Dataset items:
________________________

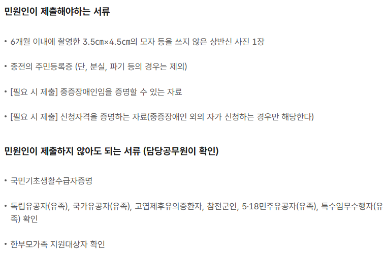 특히 고령자나 청소년의 경우 대리신청은 어렵기 때문에 본인이 직접 준비물을 챙기는 것이 중요해요.
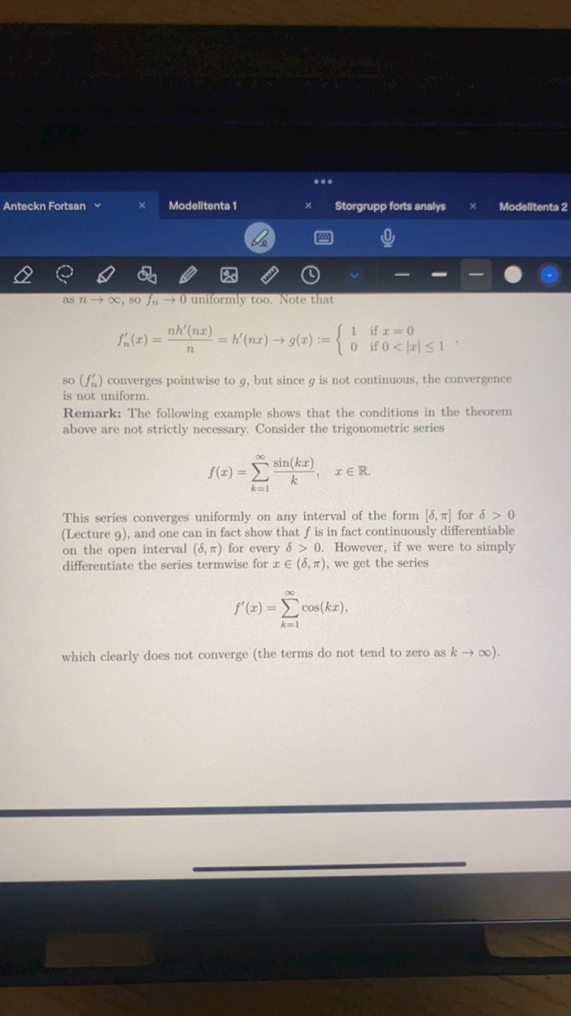 -fn' konvergerar likformigt till g (det är detta steg han visar på sista tavlan där han också skrivit ner satsen märkte jag nu)
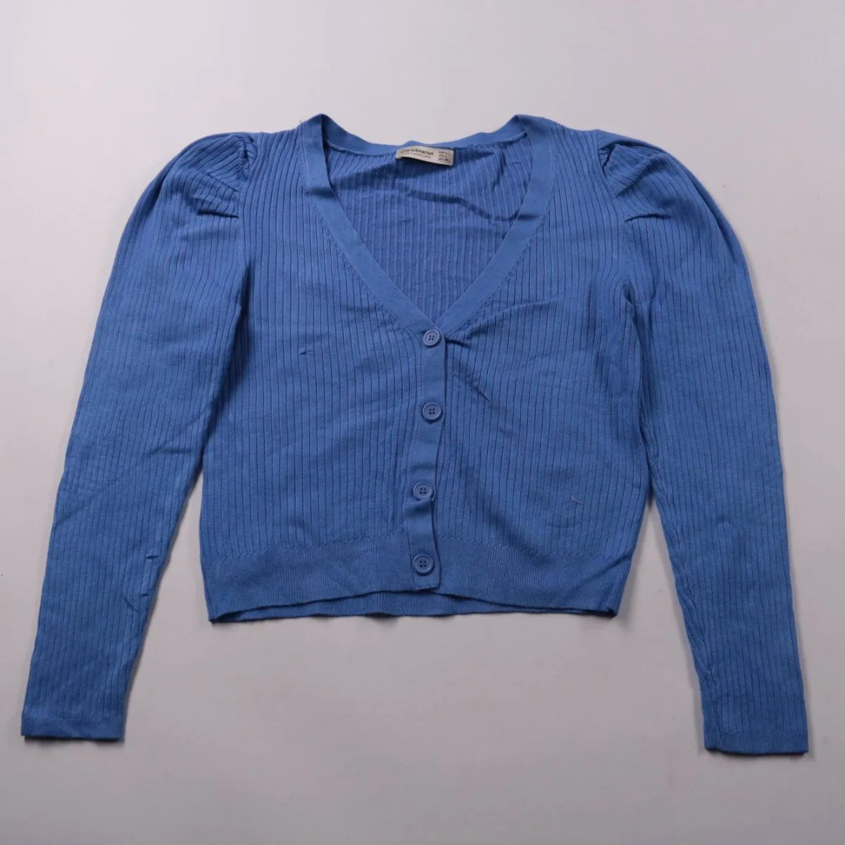 Укороченный кардиган Stradivarius синего цвета в рубчик, с V-образным вырезом и застёжкой на пуговицы. Подойдёт для повседневных образов и как второй слой в прохладную погоду. Трикотаж тянется и удобно садится по фигуре.
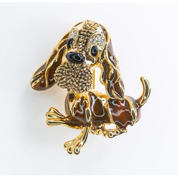 Брошь женская из гипоаллергенного ювелирного сплава желтого цвета. Вставка- ювелирное стекло белого цвета. Покрытие эмалью коричневого цвета. Высота брошки-4,0см, ширина-3,5см. Застежка- булавка.
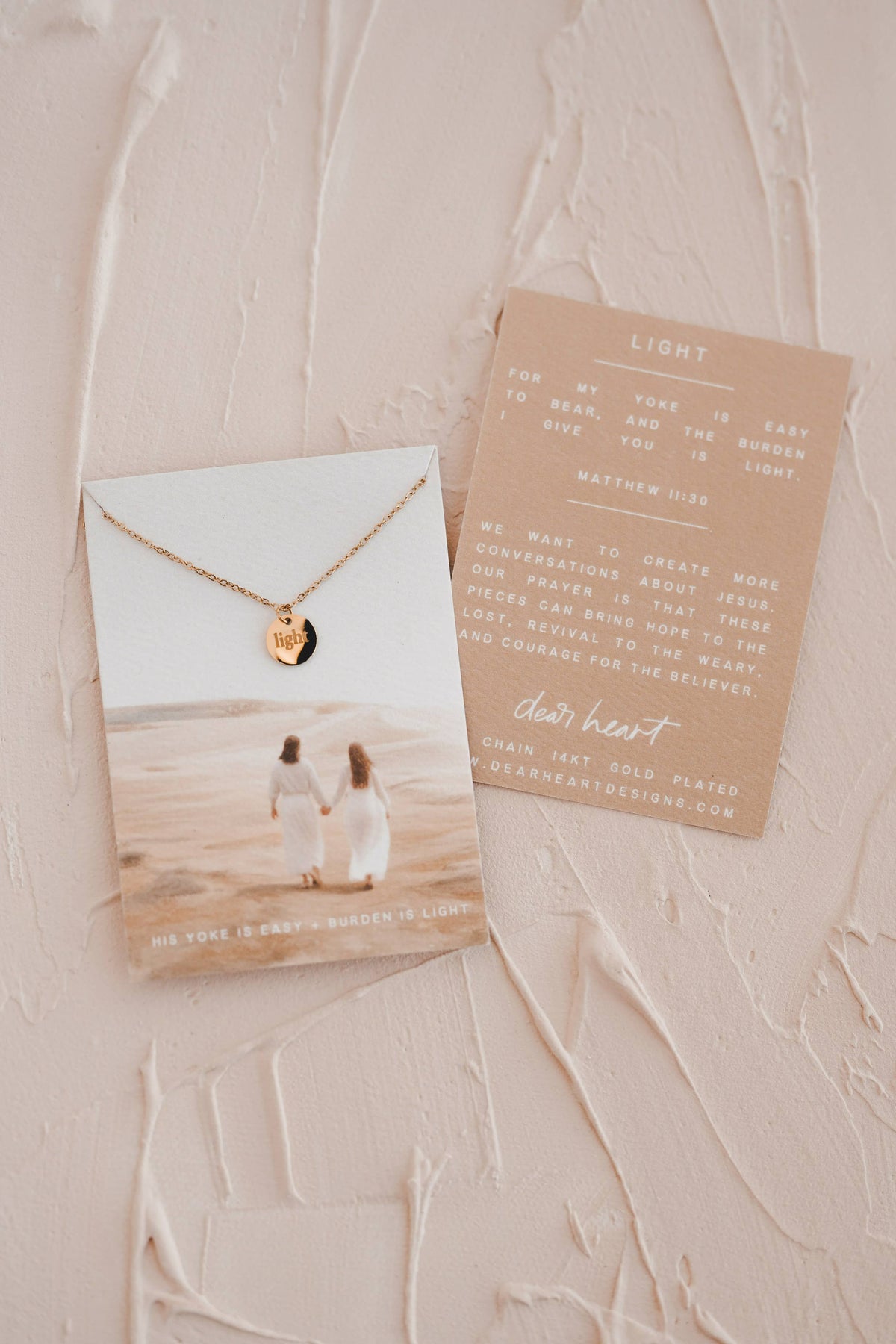 You weren’t made to carry the heavy load life puts on your shoulders alone. Exchange your heavy burdens for Jesus’ yolk which is easy and His burden that is light. He will lift the weight. Nothing is too big for Him. He gives rest to the weary, strength to the weak, and healing to the broken hearted. Take His hand. Cast your cares on Him and He will be your help. His yoke is easy + burden is light. "For my yoke is easy to bear, and the burden I give you is light." - Matthew 11:30 Details: "Light" on one side and "Matt. 11:30" on other 14kt Gold Plated Tarnish + Water Resistant Hypoallergenic 16-18" Displayed on a textured card featuring beautiful artwork by Dear Heart Designs. Full verse reference included on the back of the card.
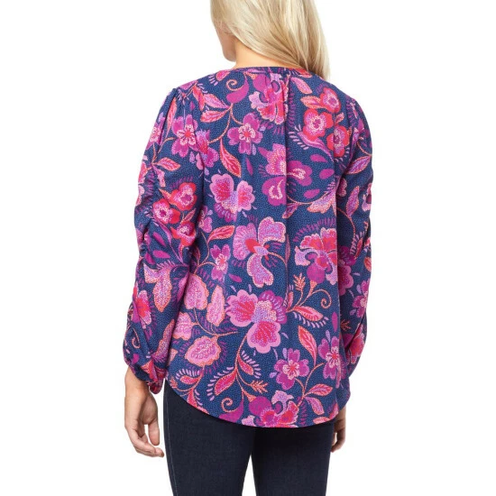 Made with soft, printed chiffon fabric, this long, shirred sleeve t-shirt is a simple, but stylish wardrobe staple you can wear on dressy days any time of year.
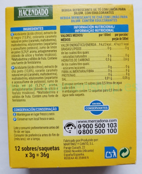 Hacendado Tee mit Zitrone, löslich, 12 Beutel, 36 gr.
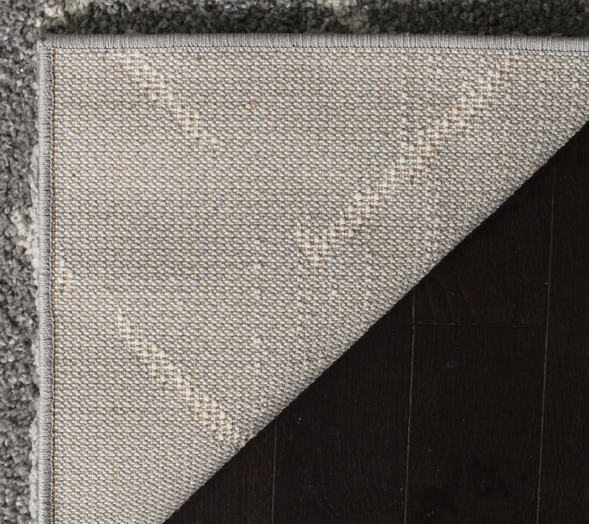 • Shag carpet with geometric stripes, and triangle and diamond motifs; palette of natural mountain tones

________________________

■ **REQUIREMENT**: Of the entries above, print exactly those lines that run from the one containing "Hacendado Tee mit" through the last line, excluding any pictures.

■ **YOUR SOLUTION**:
 Hacendado Tee mit Zitrone, löslich, 12 Beutel, 36 gr.
 • Shag carpet with geometric stripes, and triangle and diamond motifs; palette of natural mountain tones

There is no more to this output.